Farmers in the area were explaining to me that for the first day the birds would leave when the shots were heard. On the second day they would leave about five minutes before the shots were heard. On the third day they would just tip their head up, listen to the shot and tip it back down again and continue eating. That is how effective that particular Environment Canada fiasco was for

my electors. All of this was a tremendous expense for the taxpayers.

Finally last year I thought we had the solution where Environment Canada offered to the electors of my area to establish a series of wildlife refuge areas.

Three areas had been designated as bird sanctuaries, one along the South Nation River, the other one near the Ottawa River, and the third one not far from Cob Lake, in my riding. Everything was planned, but unfortunately, the government withdrew its offer to supply funds. My constituents did not appreciate that at all. It happened under the former government, of course, not ours.

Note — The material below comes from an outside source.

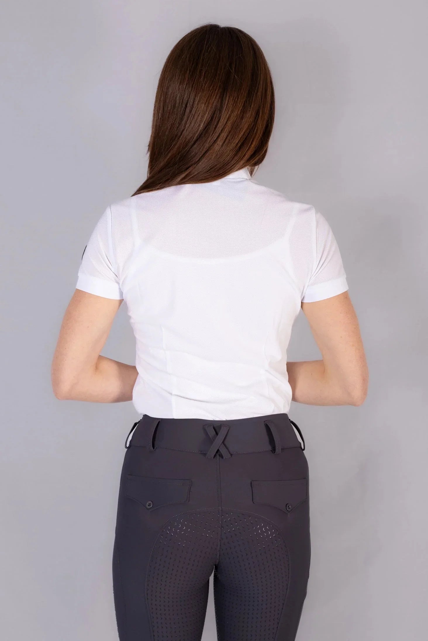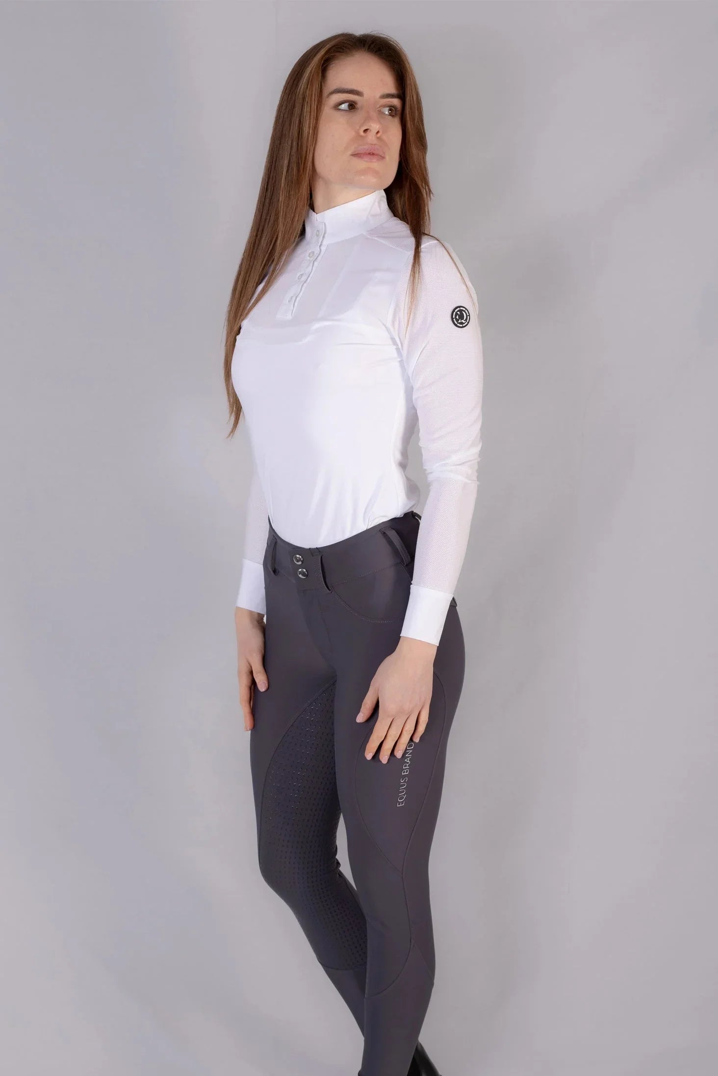 I leggings da concorso equitazione donna Lady Ola, nella variante grigio, combinano eleganza discreta e prestazioni. Il tessuto tecnico elasticizzato favorisce comfort e traspirazione; la tecnologia full grip antiscivolo assicura stabilità in sella.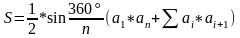 S4 = (1/2)*sin(360/8)*(0,630*0,112+0,630*0,559+0,559*0,312+0,312*0,275+ +0,275*0,630+0,630*0,450+0,450*0,464+0,464*0,175+0,175*0,486+0,486*0,072+ +0,072*0,207+0,207*0,112) = 0.5614

Still, material losses are nonetheless great, and that is what I want to bring to the attention of the House. As I said, to hon. members who deal with issues concerning the whole country, this may seem to be just a local and rather unimportant issue, but I assure you, Mr. Speaker, that when you lose-and I have the estimate here-when you lose $240 per acre and when you lose suddenly 200 crop acres, it is not very funny.

Several constituents of mine, several farmers in Glengarry-Prescott-Russell suffered losses because of that. There are two things I hope for. First, I hope that the federal government will convince the Ontario government to amend the crop insurance program so that these farmers can be compensated.

On the other hand, I hope that a solution will be found, either proposing sanctuary measures or restoring the program allowing each farmer to eliminate one bird every season, all the more so since, as I was saying, only about twenty farmers are involved.

I am not raising this point to tell you that I am not one of those who want to keep protecting that species, quite the contrary. However, I must stress that when people realize that no one wants to hear them, it sometimes happen that they take the law in their own hands. But there is no winner under such circumstances, because people will cause damage and will no longer respect these birds. What I want to do is make sure that that species will be protected. After all, they are a Canadian symbol and, what is more, they are very unique birds. I have been briefed about Canada geese.

For those of us who are English speaking, they are known as the Canada goose, a symbol of our nation until we put the loon on the dollar. Before that I guess the Canada goose would have probably been the most famous bird we had. It still is a beautiful creature.

I want to raise these concerns because they affect greatly the electors of Glengarry-Prescott-Russell. At this time of year I am deluged with phone calls from farmers who see their crops being lost because of the damage being done. It is the role of the government that makes these laws, laws that I support, to ensure that they are made in such a way so as to not sacrifice the agricultural community. Both can co-exist quite well if we put our minds to making sure that that co-existence does not mean that one community is sacrificed for the other.

It does not have to be that way. All we need to do is work co-operatively. I am confident that with people like the Minister of the Environment, the parliamentary secretary who is a very able person in the area, that we will succeed where we have failed before in preserving the crops of the farmers of Glengarry-Prescott-Russell.

And who knows, by establishing sanctuaries such as these, as we could, and as the department had suggested a year ago, perhaps we could increase the number of people who would go and see these beautiful creatures in their habitat. And the appreciation for these great birds would increase if we all worked together. That is, in any case, what I wish for, and I hope the department will examine that issue, which is very important for those I have the honour to represent in this House.

That being said I want to go on record supporting the initiative that is before us today and to again ask the government to think of the electors of Glengarry-Prescott-Russell and the problem they have in this area of wildlife management.